::: Material shown

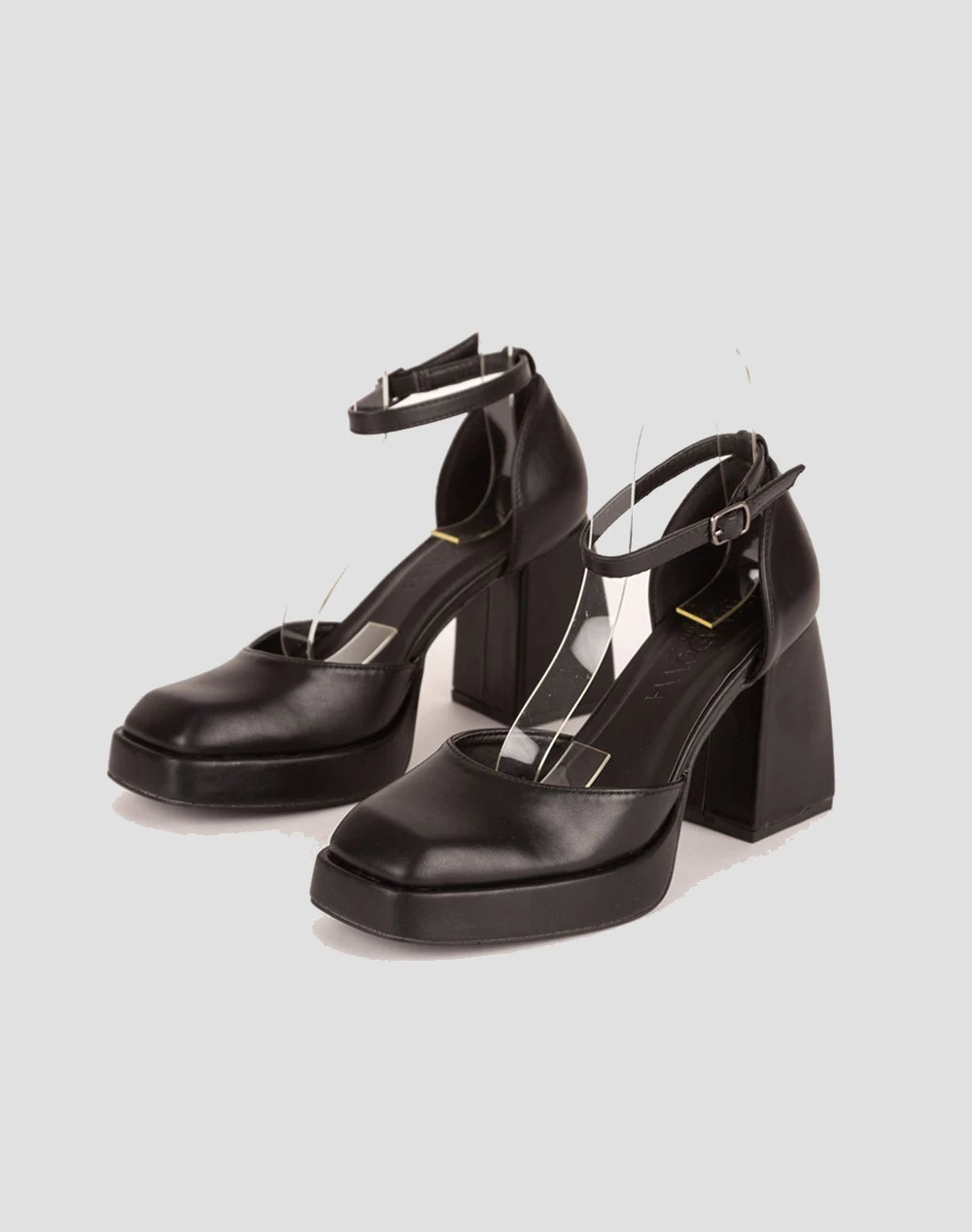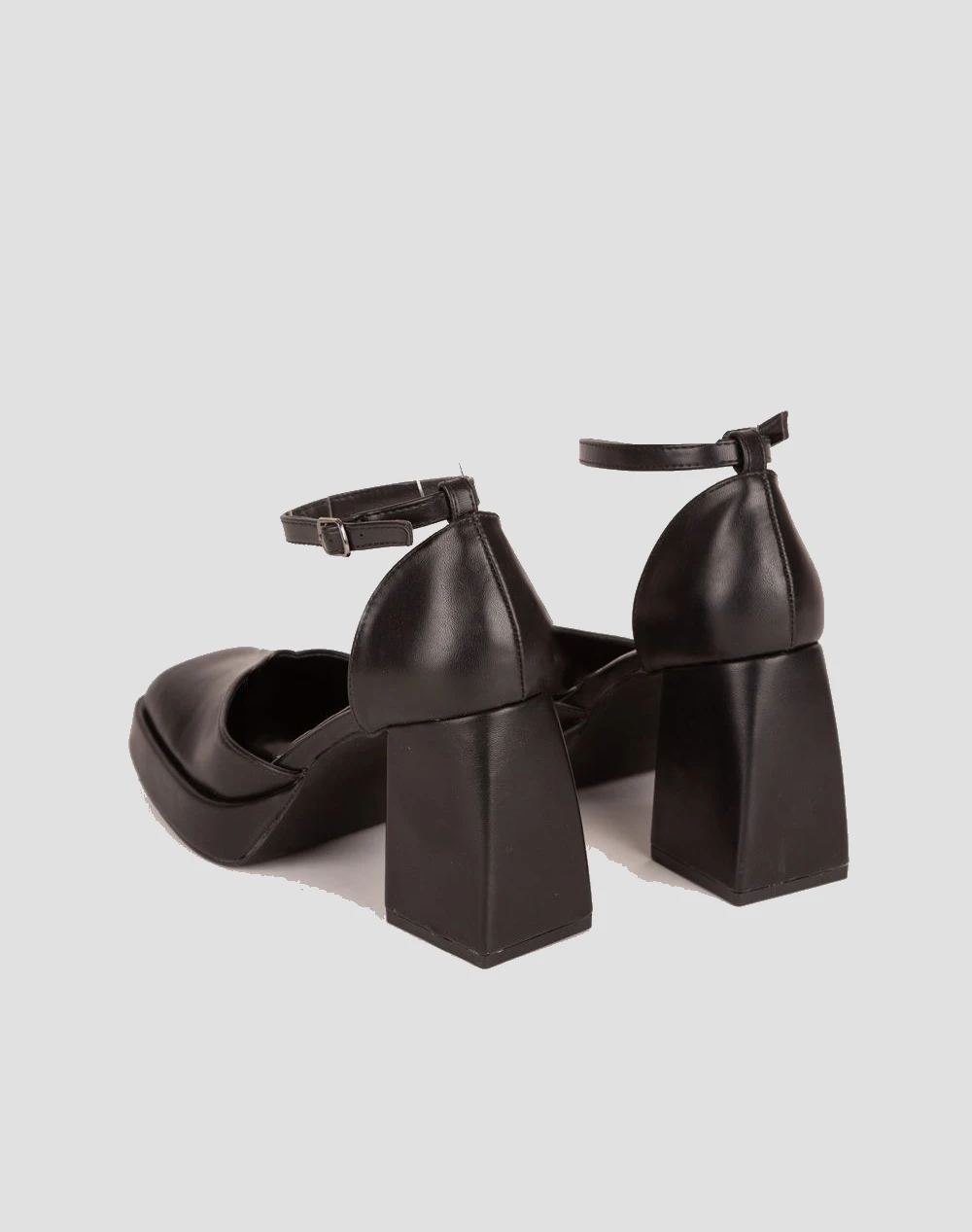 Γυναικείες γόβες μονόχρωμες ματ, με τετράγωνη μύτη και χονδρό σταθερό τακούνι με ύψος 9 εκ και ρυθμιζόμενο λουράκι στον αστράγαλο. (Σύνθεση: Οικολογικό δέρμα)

::::::
::: Material shown

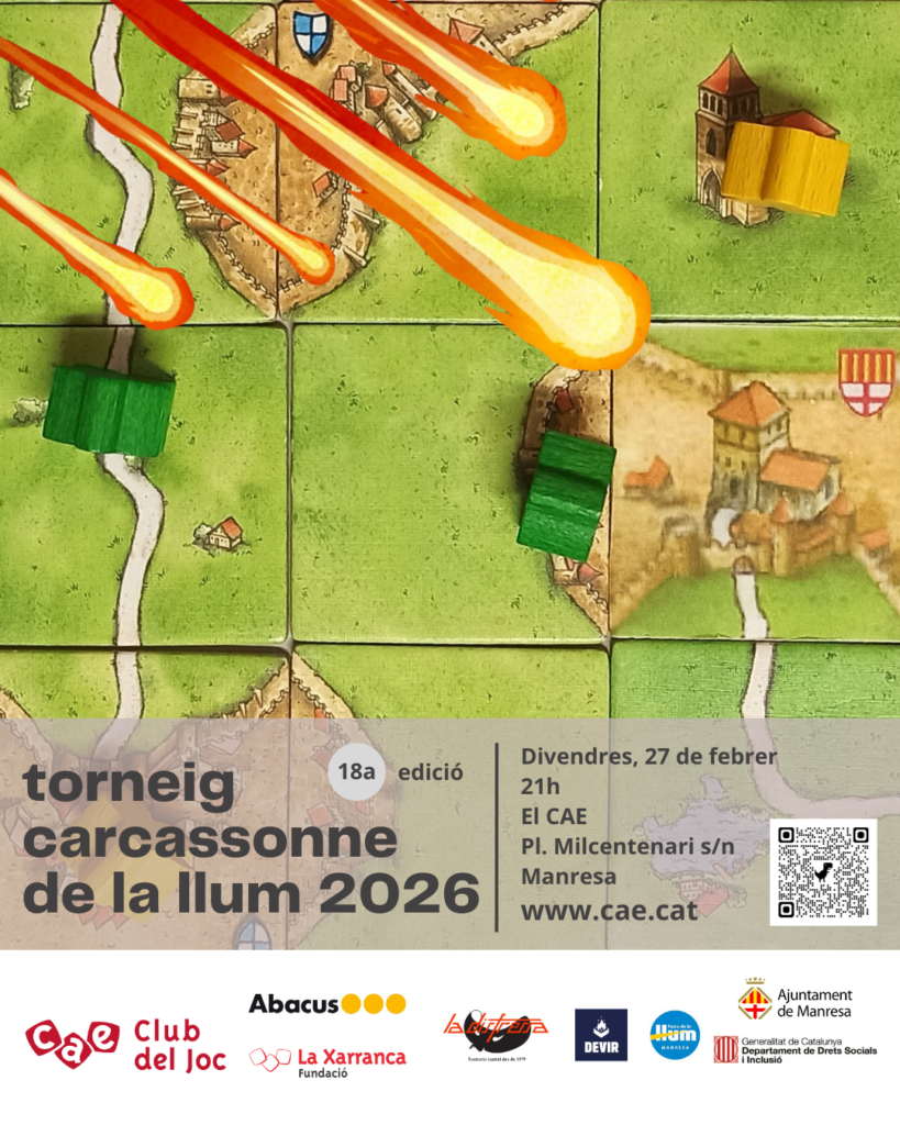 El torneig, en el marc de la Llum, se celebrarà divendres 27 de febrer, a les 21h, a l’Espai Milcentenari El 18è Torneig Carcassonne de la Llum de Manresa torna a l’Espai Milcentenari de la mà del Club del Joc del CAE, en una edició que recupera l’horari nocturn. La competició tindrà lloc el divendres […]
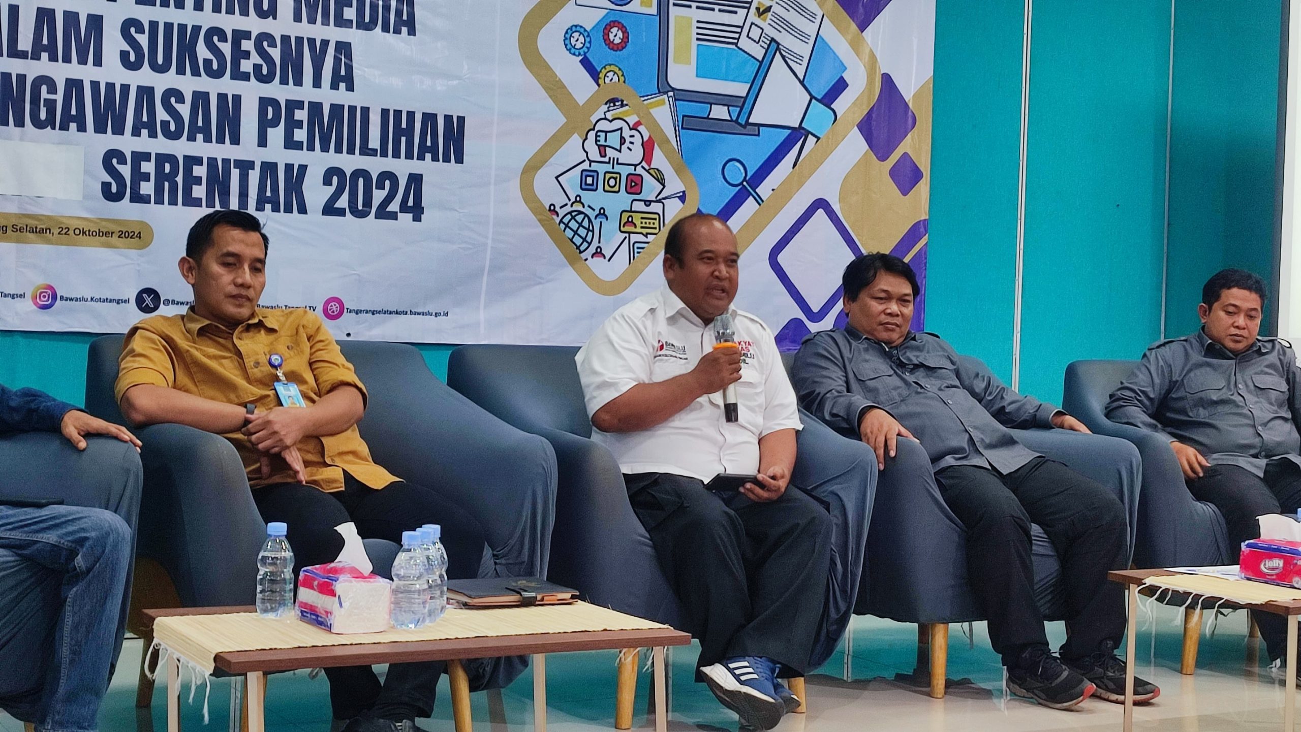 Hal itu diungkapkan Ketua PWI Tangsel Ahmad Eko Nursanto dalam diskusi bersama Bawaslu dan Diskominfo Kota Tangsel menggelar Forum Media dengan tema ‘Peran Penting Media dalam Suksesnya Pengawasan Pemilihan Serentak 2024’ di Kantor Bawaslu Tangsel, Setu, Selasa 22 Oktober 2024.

::::::

> **Prompt**
Within the listing above, the lines from the one with "El torneig, en" through the one with "Hal itu diungkapkan" are to be given again word for word. Do not include pictures.

> **Solution to this task**
 El torneig, en el marc de la Llum, se celebrarà divendres 27 de febrer, a les 21h, a l’Espai Milcentenari El 18è Torneig Carcassonne de la Llum de Manresa torna a l’Espai Milcentenari de la mà del Club del Joc del CAE, en una edició que recupera l’horari nocturn. La competició tindrà lloc el divendres […]
 Hal itu diungkapkan Ketua PWI Tangsel Ahmad Eko Nursanto dalam diskusi bersama Bawaslu dan Diskominfo Kota Tangsel menggelar Forum Media dengan tema ‘Peran Penting Media dalam Suksesnya Pengawasan Pemilihan Serentak 2024’ di Kantor Bawaslu Tangsel, Setu, Selasa 22 Oktober 2024.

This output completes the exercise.